For the data that follows, return each line unchanged and drop the pictures.

Available data:
== Segment start ==

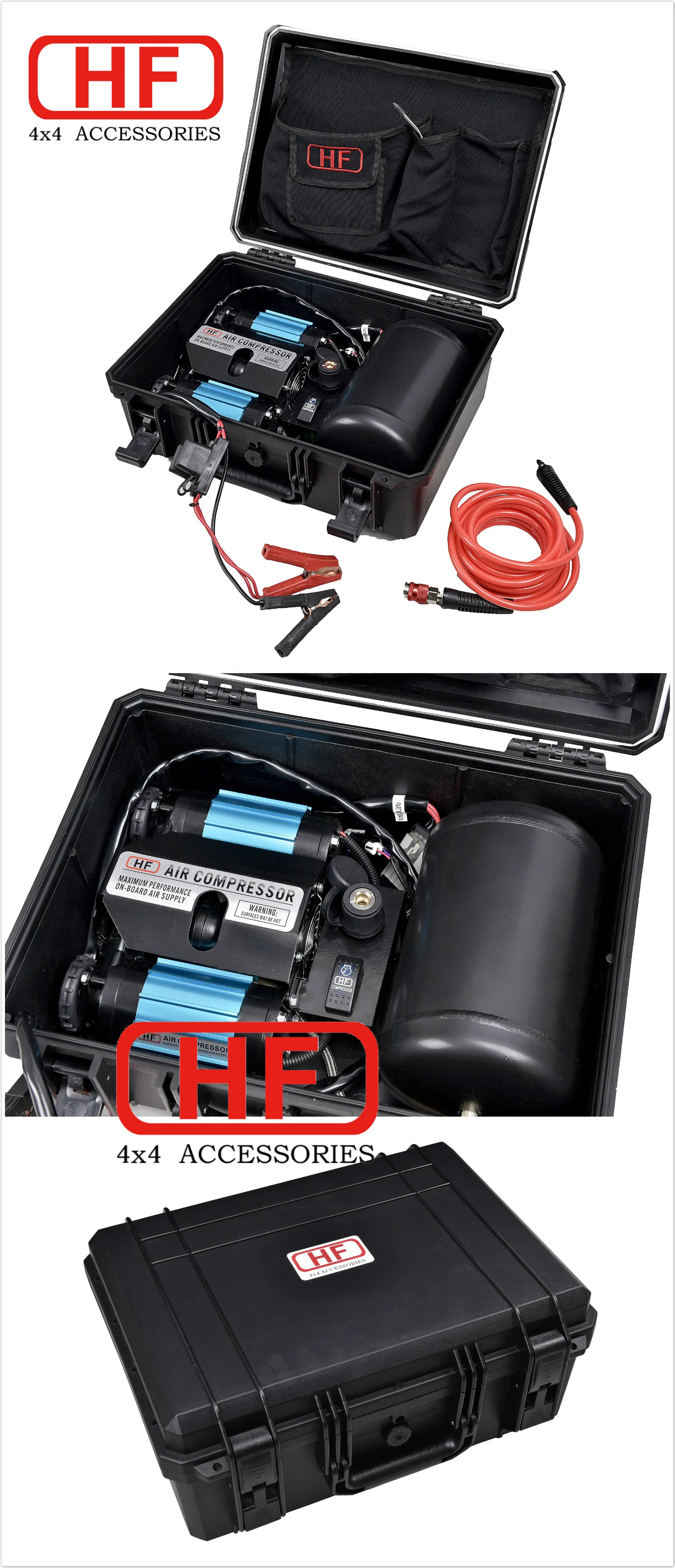 Designed to provide high flow air on demand, HF portable air compressor is the ideal solution for air tools,tire and camping or leisure gear,Its twin motors are internally thermal protected against extreme temperature damage while a heavy duty in-line maxi fuse for each motor provides professional circuit protection,The compressor comes in high quality carry case featuring internal pocket for components and accessories including a 20ft air hose.
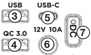 - USB-A QC (Quick Charge) 3.0, 5/9/12VDC, up to 3.0A, 18W Max
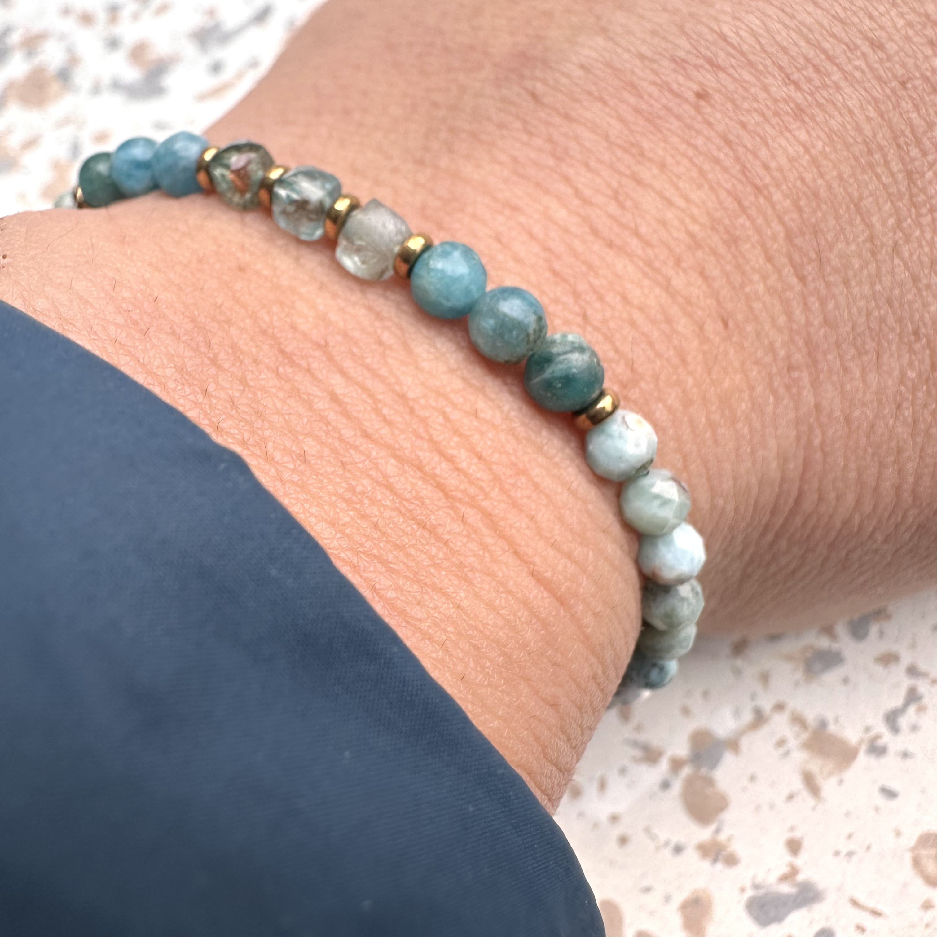 Apatyt – kamień ekspresji, inspiracji i odwagi do mówienia swojej prawdy. Pomaga uwolnić blokady komunikacyjne, wzmacnia pewność siebie i wspiera realizację wewnętrznych pragnień.

== Segment end ==

Problem solution:
 Designed to provide high flow air on demand, HF portable air compressor is the ideal solution for air tools,tire and camping or leisure gear,Its twin motors are internally thermal protected against extreme temperature damage while a heavy duty in-line maxi fuse for each motor provides professional circuit protection,The compressor comes in high quality carry case featuring internal pocket for components and accessories including a 20ft air hose.
 - USB-A QC (Quick Charge) 3.0, 5/9/12VDC, up to 3.0A, 18W Max
 Apatyt – kamień ekspresji, inspiracji i odwagi do mówienia swojej prawdy. Pomaga uwolnić blokady komunikacyjne, wzmacnia pewność siebie i wspiera realizację wewnętrznych pragnień.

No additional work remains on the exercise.